The present invention generally concerns, and essentially has as its purpose, a process for purification of a gas, in particular a natural gas containing C1 to C5 hydrocarbons and heavier, in order to eliminate sulphur compounds of the volatile mercaptan type without gas adsorption or cryogenic expansion processes, for example in a turbo-expander. It also concerns the products obtained by implementation of this process and an installation for application of the process.
It is known that a gaseous fluid, effluent of a natural gas reservoir, generally contains substances of nauseous odour formed mainly from mercaptans such as, for example:
methyl mercaptan or methanethiol, chemical formula CH4S, which is highly volatile and boils at 5.9xc2x0 C.,
ethyl mercaptan or ethanethiol, chemical formula C2H6S which is less volatile and boils at 35xc2x0 C.,
propanethiols including, in particular, isopropyl mercaptan and n-propyl mercaptan, and
increasingly heavy mercaptans which are therefore less and less volatile.
The presence of mercaptans in natural gas extracted from a reservoir presents the following disadvantages for a natural gas: firstly a nauseous odour, secondly high toxicity, and finally, the presence of impurities likely to be decomposed into hydrogen sulphide and disulphide and therefore corrosive, especially for the pipes transporting such a fluid.

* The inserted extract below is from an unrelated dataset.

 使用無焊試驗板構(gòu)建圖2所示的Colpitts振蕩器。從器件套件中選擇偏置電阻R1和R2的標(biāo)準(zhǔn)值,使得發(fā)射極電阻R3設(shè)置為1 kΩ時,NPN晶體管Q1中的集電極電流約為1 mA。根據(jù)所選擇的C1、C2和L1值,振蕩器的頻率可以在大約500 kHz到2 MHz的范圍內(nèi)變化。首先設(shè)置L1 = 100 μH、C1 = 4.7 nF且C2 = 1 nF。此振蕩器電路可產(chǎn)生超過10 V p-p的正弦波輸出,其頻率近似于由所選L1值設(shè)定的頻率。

A known technical problem is how to obtain, from the effluent of a natural gas reservoir, on the one hand natural gas in which the level of mercaptans has been reduced to 10 parts per million so that it can be used in accordance with commercial specifications for its transportation by gas pipeline to the customer or distributor and, on the other hand, recovery products made up, in particular, of stabilized gasoline consisting of C5 hydrocarbons and heavier.
As the prior technique stands, this known technical problem can be resolved in particular by one of the following three processes:
1) The molecular sieve adsorption process at an effective pressure of about 60 bar.
This process presents the disadvantage of producing a gas which results in the regeneration of the adsorbent and which is rich in mercaptans (i.e. containing about 20 times the level of mercaptans of the gas to be processed) whose discharge is prohibited by local environmental protection regulations and which represents either gas losses or subsequent processing costs which are prohibitively high.
2) The high pressure absorption process (for example 60 bar) in a heavy hydrocarbon, for example C7 or heavier.
This process presents the disadvantage of producing intermediate products, for example propane-based, which cannot always be made use of and which must therefore be reinjected into the purified gas with circulation of huge quantities of C7 hydrocarbon solvents and heavier, resulting in an increase in the cost of the absorber and the use of large quantities of heat in the reboilers and refrigeration in the coolers
3) The cryogenic processing procedure in which one common mode of operation presents the disadvantage of expanding the source gas which then has to be recompressed in order to deliver it to the distribution gas pipeline. This process also results in the production of intermediate products, for example propane-based which cannot always be made use of and which must therefore be reinjected into the purified gas, resulting in the need to use several compressors which are costly in terms of equipment and energy, as well as the need for intensive drying of the source gas to reduce its moisture content to less than 0.1 part per million.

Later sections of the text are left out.